Неизменным источником беспокойства было и ротное хозяйство, которое постоянно расхищалось и пропивалось, начиная с малого. Когда солдаты разных рот толпой валят в клуб, они снимают друг с друга панамы и срезают с поясов фляжки. Один передает другому, попробуй найти. Я не вникал. Потерял панаму — каску на голову. Да не ему, а сержанту. Ты же командир — отец для подчинённых; отдай панаму пострадавшему, а сам ходи в каске. Как правило, панамы очень быстро находились — крали у других. Украли фляжку — то же самое. Трехлитровую банку под полиэтиленовый крышкой, полную горячего чая на задницу — пусть льется. Когда эту банку виновному или потерпевшему (что одно и тоже) на голове разобьют — поймет.
Рота электрических заграждений и минирования, в просторечьи «рексы», состояла из людей, в которых ключом била инициатива. Мы единственные могли выполнять все задачи, которые ставил командир полка. На вечернем разводе объявляют:
— До проверки ещё 12 часов.
К назначенному сроку всё сверкает, как у кота яйца.
Солдаты сплошь кололи татуировку. Ракета в пламени, опутанная колючей проволокой. На одном я хотел срезать её лезвием, чтобы пресечь в корне вредную привычку. Но он на виду у всех завизжал и потерял сознание.
Без подразделения я был нужен, с подразделением — стали бояться. Стрельбы — на 5, политподготовка — на 2, границ не знают, империалистов не различают. Если бы мне пришла в голову идея взять Кзыл-Орду, Джусалы, Казалинск, я бы взял. И небольшими силами — одним взводом.
Ещё будучи старшим лейтенантом, я уже писал учебники по тактике для всего полка. К тактике меня приучил наш полководец Пихтовников. Он киряет — я пишу. Так со смешками и выучил. Опыт тактических занятий с ротой привел меня к выводу, что в пустыне разворачиваться цепью для атаки бесполезно. Я разбил отделения на две части: пока одни выдвигались вперед гуськом, другие прикрывали их огнем. Об американской тактике — секциях огня и маневра — я в то время даже не подозревал. Моими усилиями был создан класс по общевойсковой подготовке с позиционным столом, на который было нанесено размещение полка. Начальник штаба приказал его изломать, так как он выдавал реальную обстановку. Я получил штук пять взысканий «за разглашение». Этим фактом заинтересовался особый отдел. С какой целью в условиях бардака я создал боеготовое подразделение? Из «секретки» мне даже перестали выдавать карты с нанесенной обстановкой. Потом стол восстановили для каких-то показушных занятий.

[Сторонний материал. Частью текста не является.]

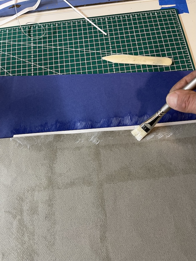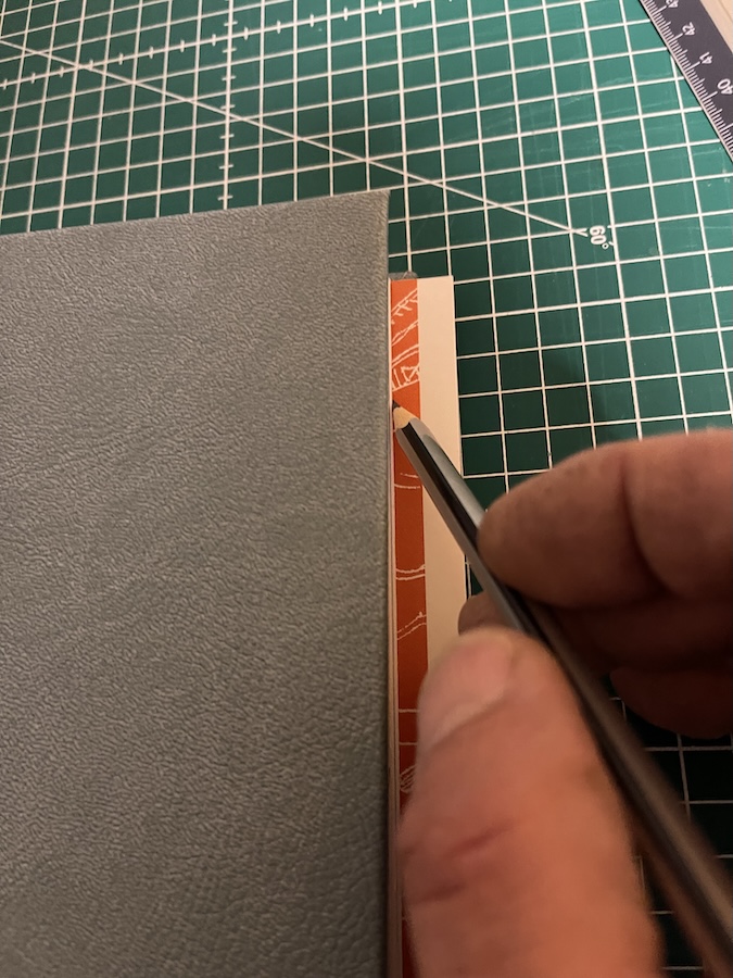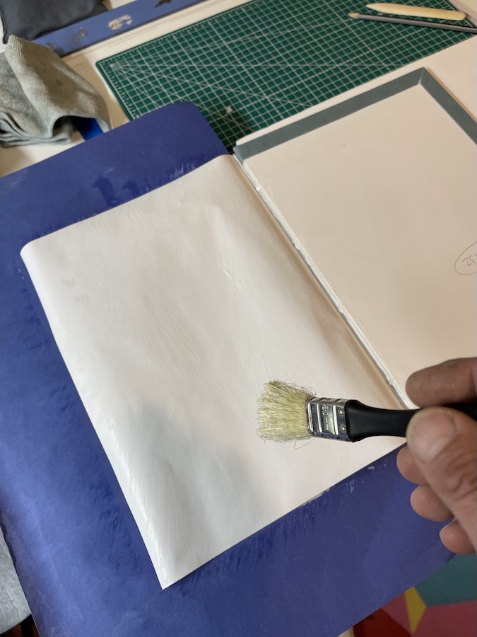 Sans le livre , on plie correctement la garde et avec deux feuilles , on prépare celle de dessus afin d'encoller que un demi cm du bord coté livre.

Поначалу я увлекся тактикой. Взводные вошли в такой раж, что на занятиях стали топить подчиненных в болоте. Солдатам и инженерная подготовка интересна (минирование, например), только бы
Замполит мне говорит:
— Они тебя первого пристрелят.
Я ему:
— Не только не пристрелят, но ещё будут стрелять во всех, в кого я прикажу.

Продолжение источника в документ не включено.